Unlike fellow members of the Quad alliance – Japan, Australia and the US – India has abstained in UN votes deploring Russia’s actions, calling only for a halt to the violence while still buying Russian oil.
Kishida told a joint news conference that he and Modi held an “in-depth discussion” and that “Russia’s invasion . . . shakes the very foundations of the international order and must be dealt with firmly.”
But Modi made no direct mention of Ukraine and their joint written statement afterwards called only “for an immediate cessation of violence and noted that there was no other choice but the path of dialogue and diplomacy for resolution of the conflict”.

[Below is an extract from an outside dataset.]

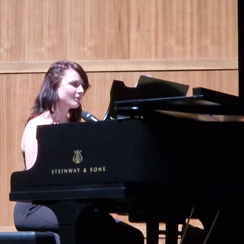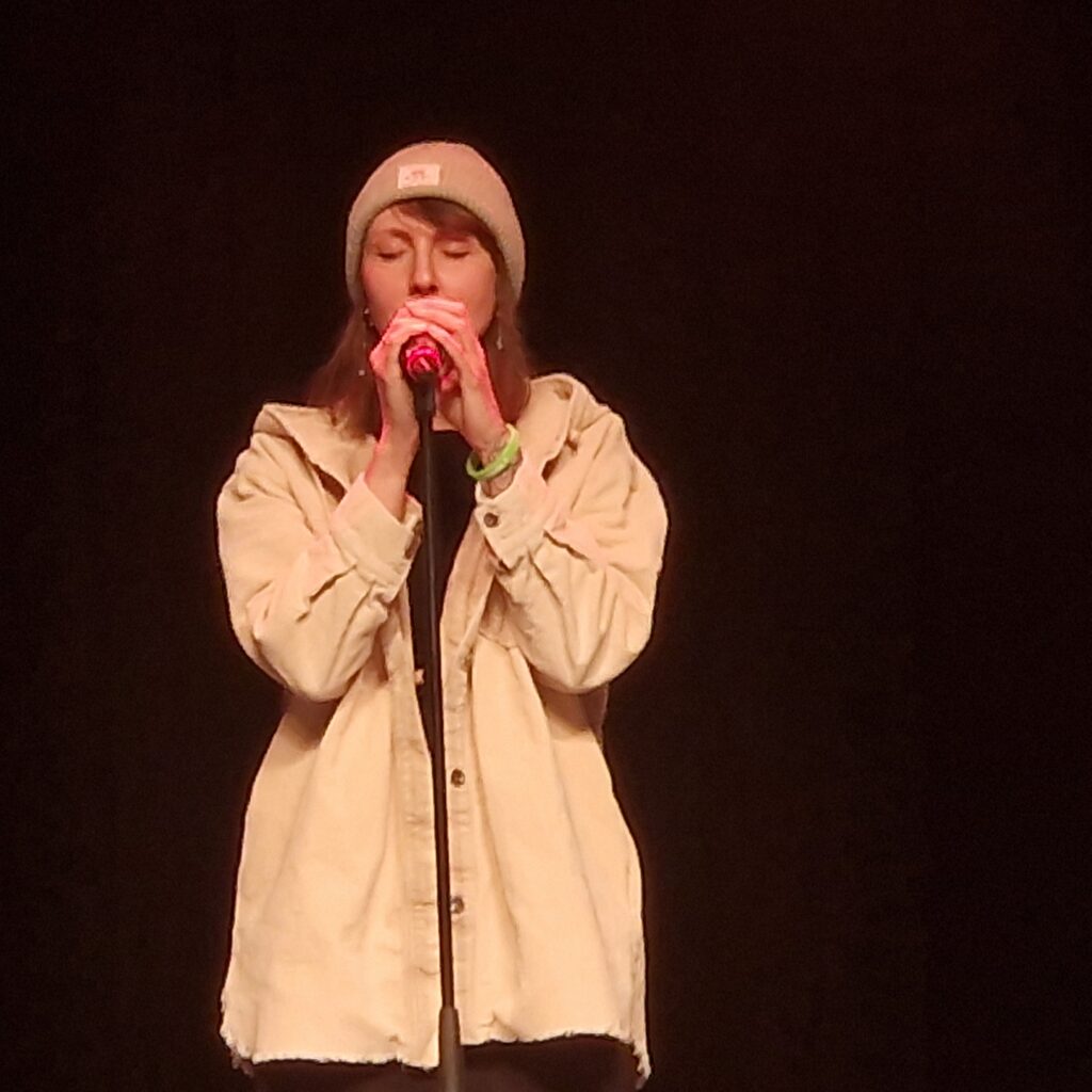 Denn danach hatte Nathalie Fomin ihren erste von zwei Solodarbietungen am Flügel. Zunächst mit dem Titel „Offenes Buch“ (Silbermond), im zweiten Teil mit „Kann es wirklich Liebe sein“ (Elton John aus „König der Löwen“). Auch die Sängerin Mine (Tina Rubner) hatte in beiden Programmteilen je einen Auftritt – mit „I see Fire“ (Ed Sheeran) bzw. „Lieblingsmensch“ (Namika). Beide erhielten ebenfalls viel Applaus für ihre Darbietungen. Selbst in der Pause wurden die Besucher vom Duo „Zweisamkeit“ (Louisa Joachim und Christian Rödel) musikalisch unterhalten.

Without naming any country, they “emphasised the need for all countries to seek peaceful resolution of disputes in accordance with international law without resorting to threat or use of force or any attempt to unilaterally change the status quo”.
Earlier this month in a four-way call, the other Quad leaders – Kishida, US President Joe Biden and Australia’s Scott Morrison – also failed to win the Indian premier over to their position on Ukraine.

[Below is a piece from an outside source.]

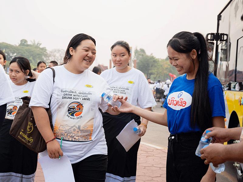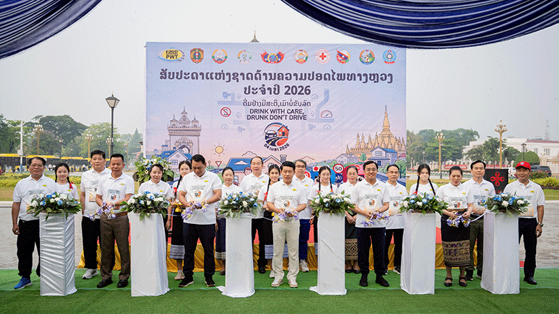 The event, held with the theme of “Standing Drink Responsibly, Don’t Drive”, was attended by the Deputy Prime Minister, Mr Saleumxay Kommasith, the Minister of Public Works and Transport, Mr Leklay Sivilay, and the Chairman of the Vientiane Administration Committee, Mr Sililatthongsing Thongpheng, alongside deputy ministers, officials from central and local authorities, business representatives, students and media personnel.

A joint Quad statement at the time said they “discussed the ongoing conflict and humanitarian crisis in Ukraine and assessed its broader implications” – without any condemnation of Moscow.
A separate Indian readout pointedly underlined that the alliance must remain focused on its “core objective . . . in the Indo-Pacific region” of promoting peace, stability and prosperity.
Modi and Morrison are also due to hold a virtual summit on March 21 focused on trade, when the Australian premier may again press his Indian counterpart to fall more into the Western camp over Ukraine.
Russia has been India’s main arms supplier since the Soviet era, but today Delhi also needs more support from the Quad and others in the region and beyond in the face of an increasingly assertive China.
Tensions between New Delhi and Beijing have been high since a 2020 clash on their disputed Himalayan border killed at least 20 Indian and four Chinese soldiers.
Both have since sent additional military hardware – in India’s case, much of it Russian-made – and thousands of extra troops to the area.
With reference to China’s growing assertiveness – seen as the main concern of the Quad – Kishida and Modi “reaffirmed their common vision for a free and open Indo-Pacific, free from coercion”.
The statement after the first visit to India by a Japanese prime minister since 2017 also said that Japan would realise 5 trillion yen ($42 billion) in public and private investment in India in the next five years.
Both leaders also expressed their concern “about the situation in Myanmar and called for an end to violence, the release of all those detained and a return to the path of democracy,” the statement said.
They also committed to further cooperation on tackling climate change and condemned North Korea’s “destabilising ballistic missile launches”.